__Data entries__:

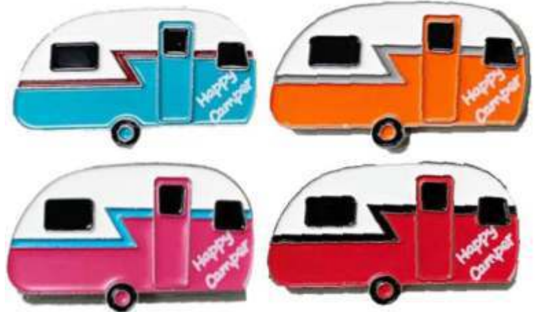
11287 Happy Camper Magnet 4 color assort
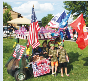
Most Patriotic 2nd The Scoggans 49-1
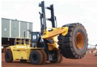
Model: Hyundai Tyre Handler H770 QTY: 1
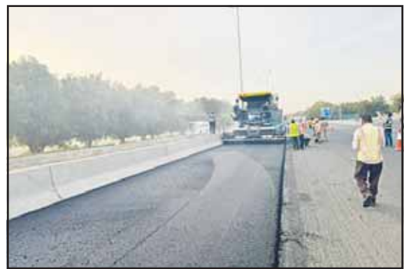
Road paving under progress in Farwaniya.
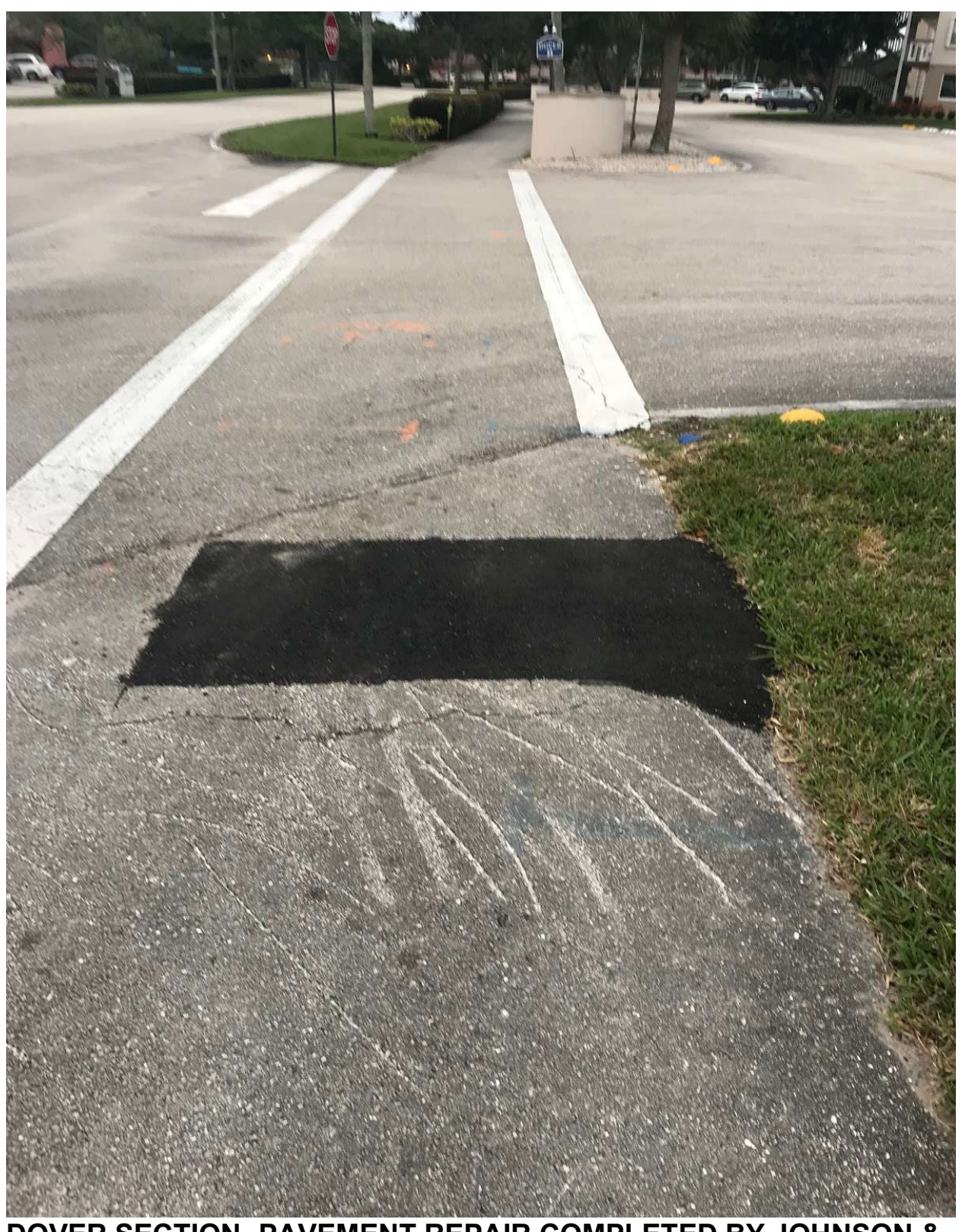
DOVER SECTION- PAVEMENT REPAIR COMPLETED BY JOHNSON & DAVIS AT SOUTH DRIVE WALKWAY.
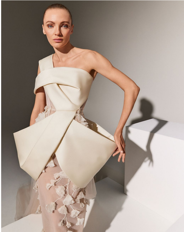
7. ROUQUET RENVERSE
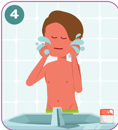
4 Wash face with water
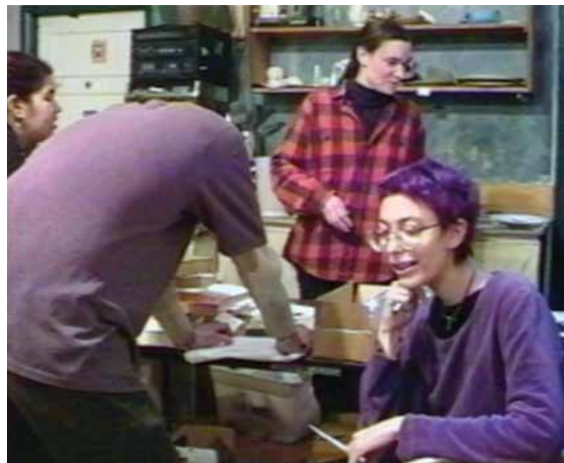
► Books Through Bars 1997

A Cop Watcher's Story: El Grito de Sunset Park Attempts to Deter Police Brutality (Steve de Sève, Brooklyn Information and Culture TV [BRIC TV], Copwatch Brooklyn, 2017, 6 minutes)
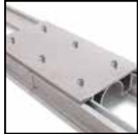
Aluminum track connector plate for extending the length of cut
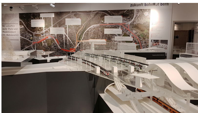
Showroom presentation of a model of the new train station
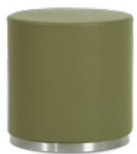
Cylinder Ottoman Leather: Trend 418 Leaf
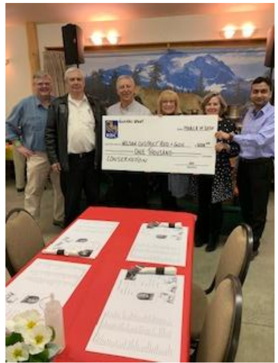
Thank you to RBC for the donation of $1000.00

__Problem to solve__: Print the lines from the one that contains "7. ROUQUET RENVERSE" through the last line of the data, exactly and in full, and no other lines. Pictures are not part of the copy.

__Response__:
7. ROUQUET RENVERSE
4 Wash face with water
► Books Through Bars 1997

A Cop Watcher's Story: El Grito de Sunset Park Attempts to Deter Police Brutality (Steve de Sève, Brooklyn Information and Culture TV [BRIC TV], Copwatch Brooklyn, 2017, 6 minutes)
Aluminum track connector plate for extending the length of cut
Showroom presentation of a model of the new train station
Cylinder Ottoman Leather: Trend 418 Leaf
Thank you to RBC for the donation of $1000.00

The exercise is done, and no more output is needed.